3. Part 1: Neural Networks.

   1. Multi-Layer Feedforward Neural Networks. Shallow and Deep networks. The training optimization problem: unconstrained non convex optimization.

      •  Necessary optimality conditions: stationary points. Iterative descent methods, stopping conditions.

      •  Gradient method: basics. Backpropagation (BP) algorithm for gradient evaluation.

      • Batch and online (or mini-batch) gradient methods. BP batch version (gradient with constant stepsize): theorem of convergence and choice of the learning rate. BP on-line (mini-batch) version: stochastic/incremental gradient with diminishing stepsize. Basics of convergence.

      •  Momentum term.

      •  Decomposition methods for shallow networks: extreme learning and two blocks decomposition.

   2.  Radial-Basis function (RBF) networks: regularized and generalized RBF networks. Their use in interpolation and approximation.  Unsupervised selection of center. Supervised selection of  weights and centers: decomposition methods into two blocks and decomposition methods into more blocks. Basic convergence theory of decomposition methods

   3.  Early stopping technique

4. Part 2: Support Vector Machines (Kernel methods)

   1. Hard and Soft Maximum Margin Classifiers using Linear functions.

   2.  The convex constrained optimization problem the soft/hard linear SVM.

   3.  Primal Quadratic Programming: the KKT optimality conditions, feasible and descent iterative methods

   4. • Dual formulation of the primal QP problem. Wolfe duality theory for QP.

   5. KKT conditions.

   6. • Nonlinear SVM or use of Kernel. The dual QP formulation of nonlinear SVM.

   7. • Frank Wolfe method: basics. Decomposition methods: SMO-type algorithms, MVP algorithm, SVMlight, cyclic methods.
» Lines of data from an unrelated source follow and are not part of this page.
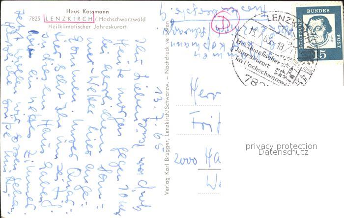 71900801 alte Postkarte Lenzkirch Hochschwarzwald BW Haus Kossmann Kurort Schwarzwald postalisch gelaufen Erhaltung siehe scans KatCode: 11110008315068
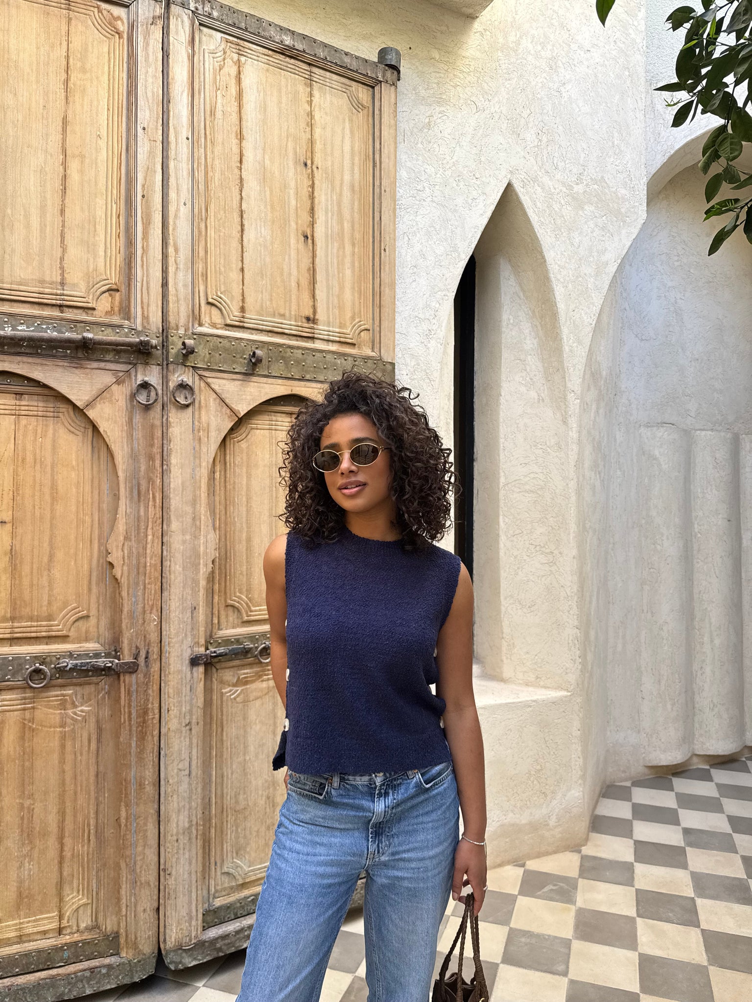 Pull en taille unique. Le mannequin mesure 1m65. Composition : 79% acrylique, 15% nylon, 6%...
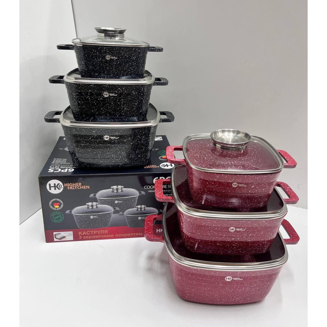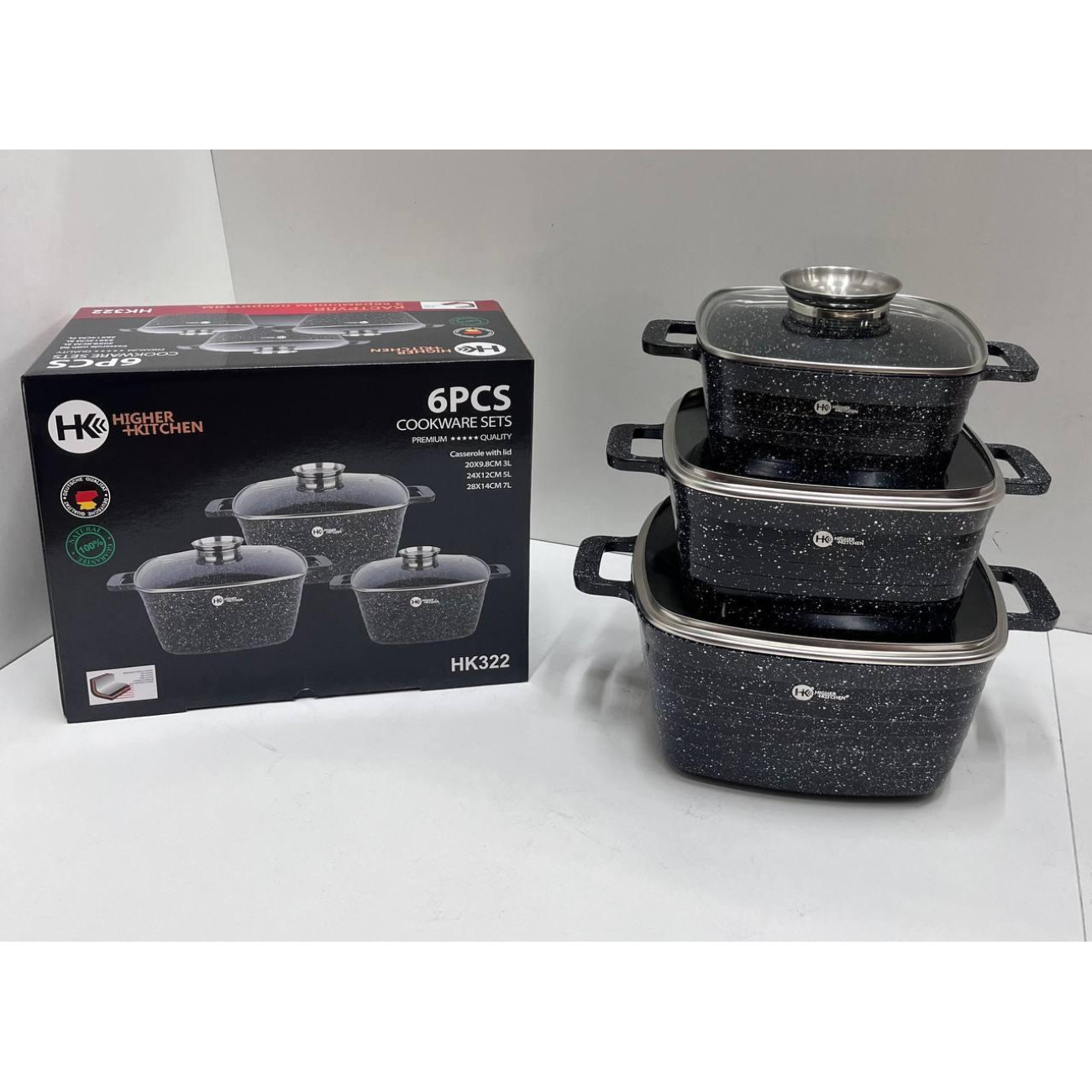 Питання та відповіді (FAQ) HK-322 Посуд Набір квадратних казанів Higher Kitchen (4)
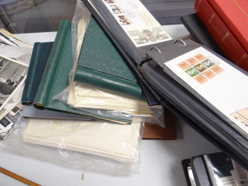 An album of First Day covers, sundry junior albums of stamps, loose pages of stock, foreign stamp philatelic material etc
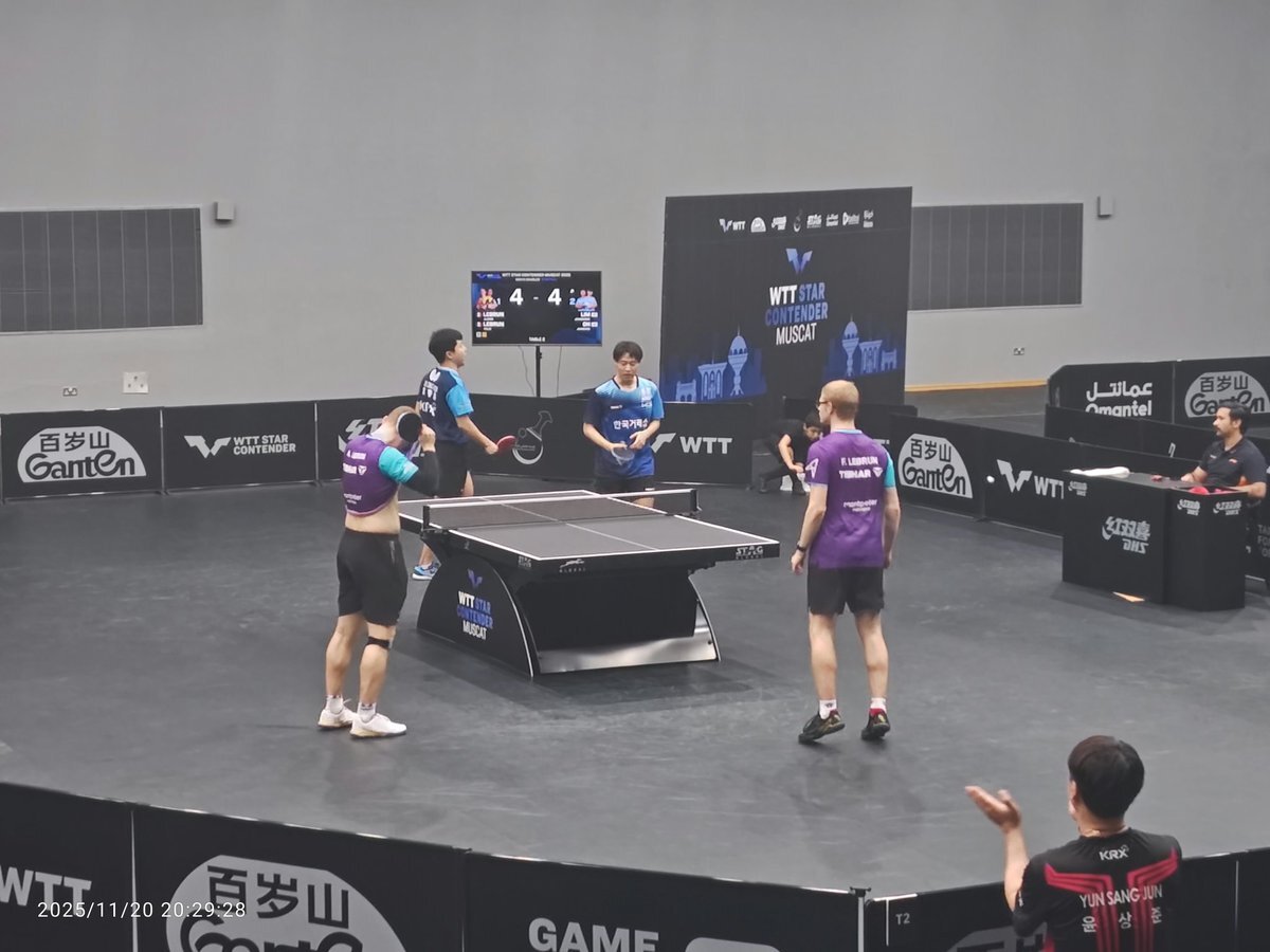 Hall2では、チュチョンヒ、パクガンヒョン、ウジンと韓国勢3人が並んで戦っています。 #卓球🏓 #WTT #WTTスターコンテンダーマスカット #WTTStarContenderMuscat #オマーン pic.x.com/an85I1qsqk
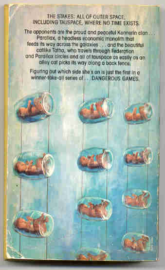 The one on the left is the 1976 first edition; the other is the 1979 reissue, both from Warner. The German cover from Moewig, which I haven't the heart to reproduce, is the exact same cover except blown up even bigger than the reissue. What was their excuse? |
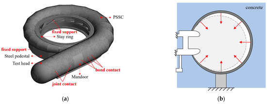 Based on the isentropic spiral line theory, the asymmetrical design of the PSSC is intended to ensure the internal axisymmetric potential flow during operation, reducing energy dissipation caused by swirling and vortexing. The combined effect of the asymmetrical shape of the PSSC, internal hydraulic pressure and unbalanced hydraulic force leads to horizontal deflection, resulting in an asymmetric distribution of contact states. The preloading clearance can be reflected by the contact state between the PSSC and the concrete, which has an impact on the load transmission mechanism and, in turn, causes symmetric and asymmetric characteristics of deformation and stress distributions. It has been proven that the deformation and stress responses of the PSSC can be affected by preloading pressures [21,22,23]. As for lower preloading pressures that underutilize the tensile strength of the PSSC, additional steel bars may be necessary to prevent concrete cracking. Excessive preloading pressure with a large initial preloading clearance is likely to cause stress concentration and excessive vibration in the structures, especially under low-head operating conditions. However, the recommended range for preloading pressure values remains broad in engineering practice and relevant codes, typically ranging from 50% to 100% of the maximum static head [24].
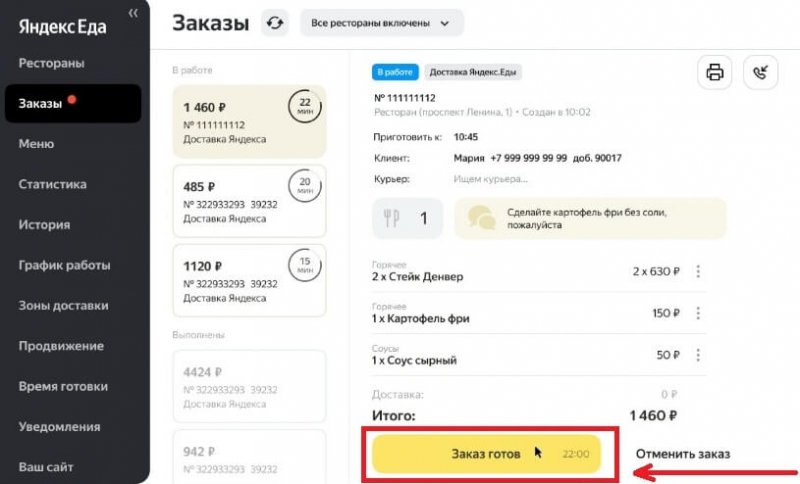 4. Когда заказ будет готов и упакован, нажмите «Заказ готов». Помните, что рестораны, которые выдают заказы без задержек или быстрее положенного времени, поднимаются выше в поиске сервиса.
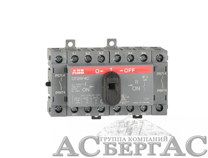 OT25F4С Реверсивный рубильник 4-х полюсный 25А (с ручкой) ABB
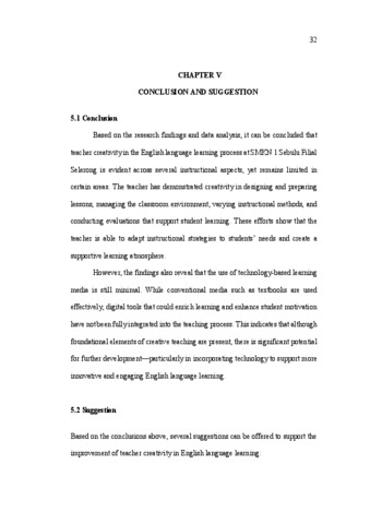 HAYATI, TIKA NUR. 2025.An Analisis of Teachers’s Creativity in the Process of Teaching English at SMKN 1 Sebulu Filial Selerong in Academic Year 2025/2026. Thesis Departement of English Education Study Program, Faculty of Teacher Training and Education. Tenggarong: University of Kutai Kartanegara. Advisors: (1) Samsu Armadi, S.S., M.Pd (2) Elsa Widya Hapsari, S.Pd., M.Ed
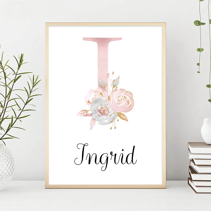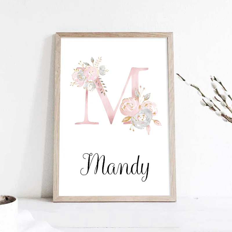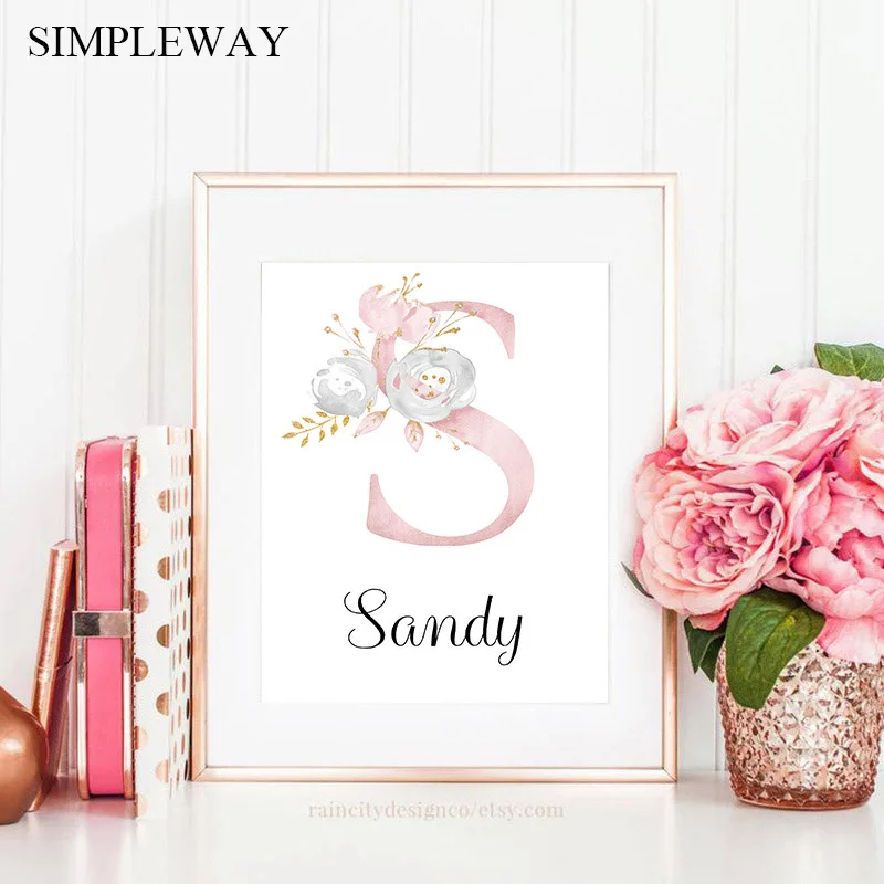 Персонализированный постер с именем на заказ, цветочные буквы, Художественная печать на холсте для детской комнаты, Настенная картина, украшение для детской комнаты, спальни
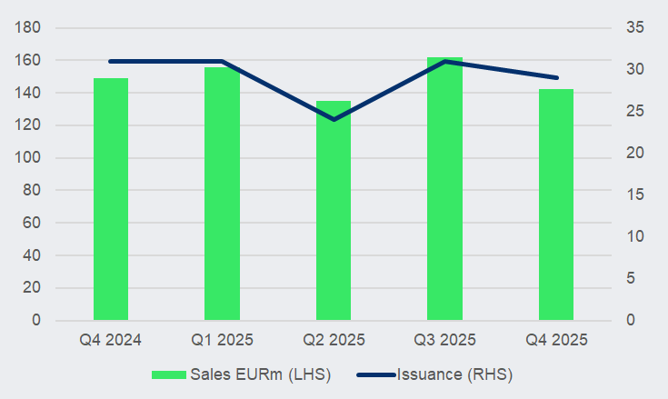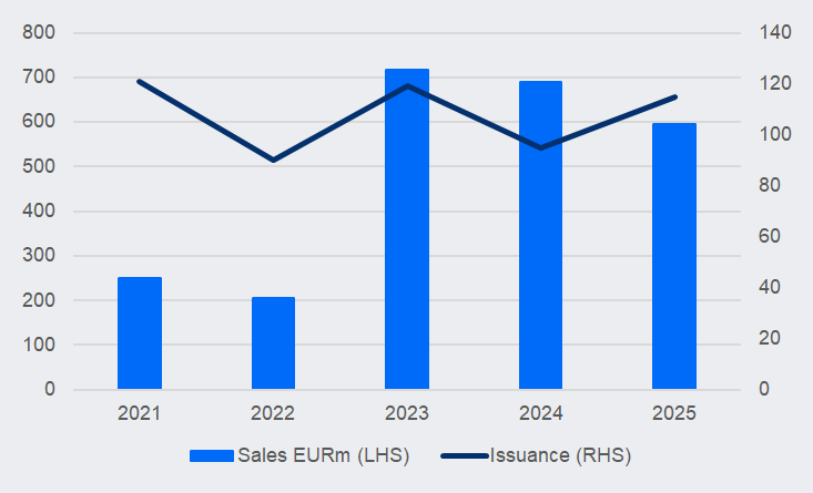 Sales for full year 2025 reached €595m – down 14% compared to the previous year. Issuance increased from 95 products in 2024 to 115 products this time around.
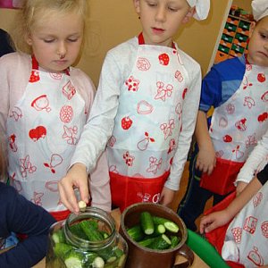 Wiedzą o tym przedszkolaki z grupy „Słoneczka” z Przedszkola „Pod wierzbami”, które w związku z tematem tygodniowym „Jesień w ogródku” w czwartek 12 października postanowiły przygotować ogórki małosolne. Dzieci zapoznały się z kolejnymi czynnościami przygotowywania zdrowych smakołyków i nie ukrywały zdziwienia, kiedy okazało się, że to takie proste! Maluchy przypomniały, że ogórki to warzywa smaczne i zdrowe, które często powinny znajdować się na naszych talerzach. Niebawem dzieci będą próbować swoje „dzieło”, bo proces fermentacji już się rozpoczął.

Convergence theory.

   8. • Multiclass SVM problems: one-against-one and one-against-all.

5. Practical use of learning algorithms.

6. Comparing learning algorithms from the optimization point of view.

7. Comparing learning algorithms from the learning point of view.

Exams: 

The exam will consist in one practical projects and a written exam on the theory (possibly split into two parts, with a mid term exam)